Description of the task: Nothing may be left out of the listing below but its images; repeat the rest exactly.

Data provided:
= Beginning of Section =

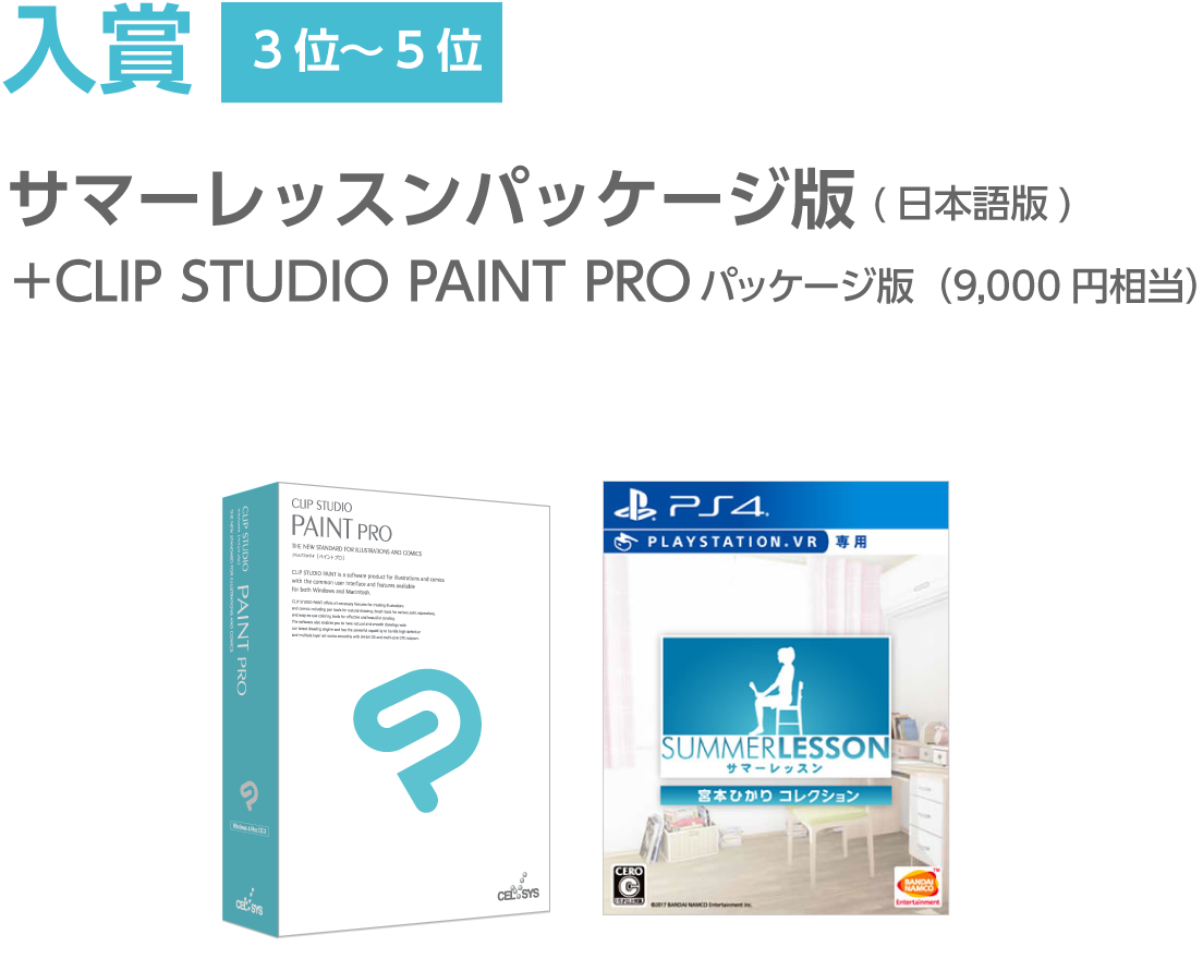 PlayStation®VR用ゲーム”サマーレッスン”のヒロイン”宮本ひかり”と”アリソン・スノウ” 。教え子である いずれかのキャラクターと、家庭教師であるあなたとの「コミュニケーション」をテーマにしたイラストまたはマンガを募集します。もちろん2人とも登場させても構いません。ゲームをプレイしたことのある人もない人も、みんなでコンテストに参加しよう!
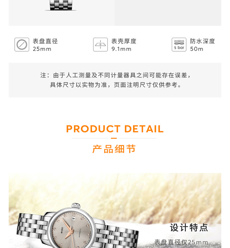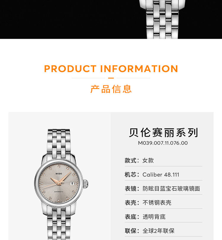 商品名称:MIDO美度 贝伦赛丽系列迷你小表盘女士腕表 (不支持无理由退换货)
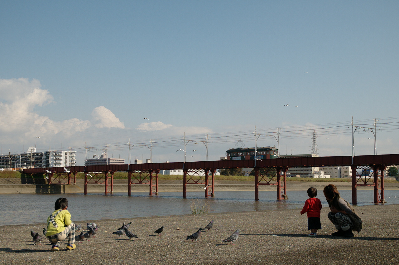 「え~っ何で~!?」と振り返ったら、鳥に餌をやりに来た家族連れが堤防下に下りてきて、子供達が鳥を追いかけた為と判明。残ったのはハトだけでした。
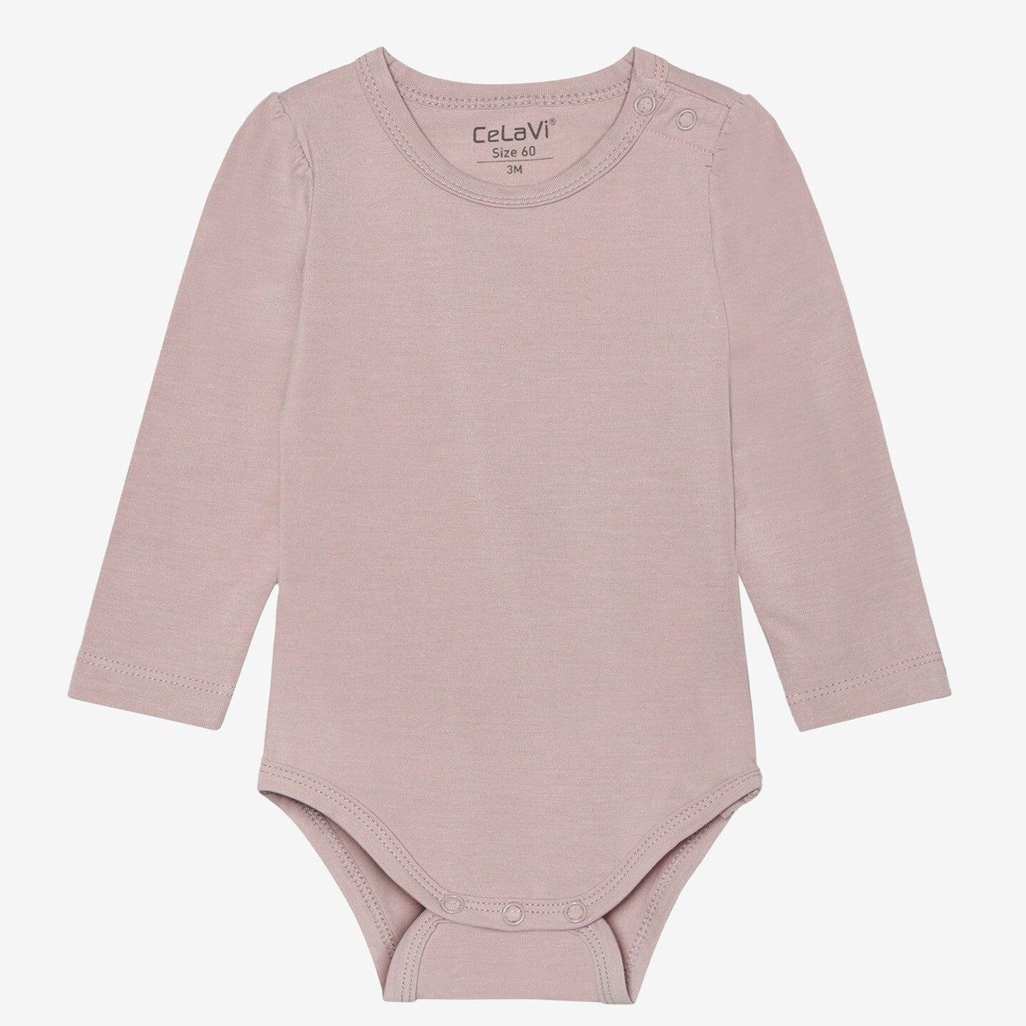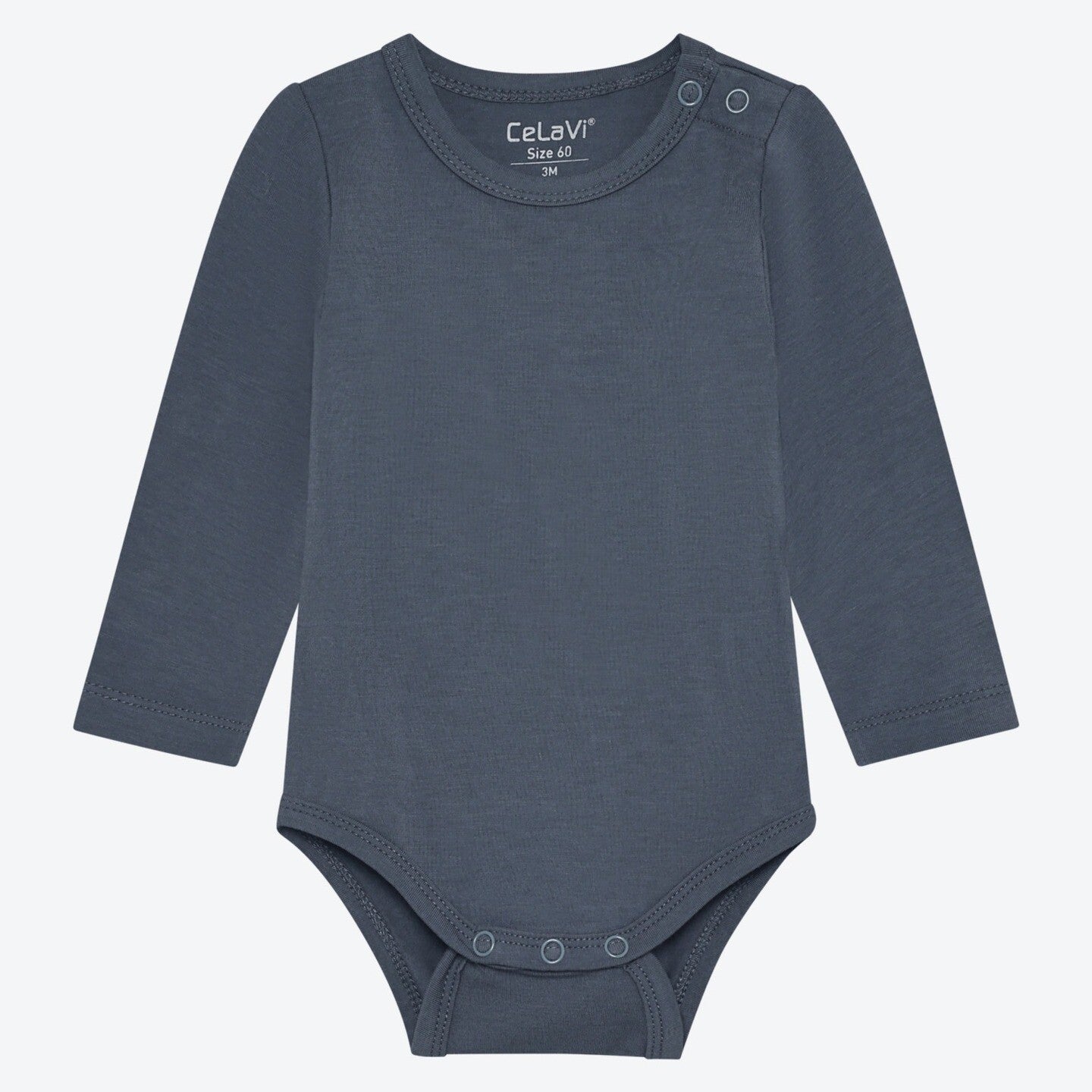 Ensfarget langermet body fra CeLaVi. Bodyen er laget av et elastisk materiale. Den festes med trykknapper på den ene skulderen og mellom bena. Sertifisert i henhold til OEKO-TEX® STANDARD 100 Cert. No. 2276-364 DTI

= End of Section =

Answer space:
 PlayStation®VR用ゲーム”サマーレッスン”のヒロイン”宮本ひかり”と”アリソン・スノウ” 。教え子である いずれかのキャラクターと、家庭教師であるあなたとの「コミュニケーション」をテーマにしたイラストまたはマンガを募集します。もちろん2人とも登場させても構いません。ゲームをプレイしたことのある人もない人も、みんなでコンテストに参加しよう!
 商品名称:MIDO美度 贝伦赛丽系列迷你小表盘女士腕表 (不支持无理由退换货)
 「え~っ何で~!?」と振り返ったら、鳥に餌をやりに来た家族連れが堤防下に下りてきて、子供達が鳥を追いかけた為と判明。残ったのはハトだけでした。
 Ensfarget langermet body fra CeLaVi. Bodyen er laget av et elastisk materiale. Den festes med trykknapper på den ene skulderen og mellom bena. Sertifisert i henhold til OEKO-TEX® STANDARD 100 Cert. No. 2276-364 DTI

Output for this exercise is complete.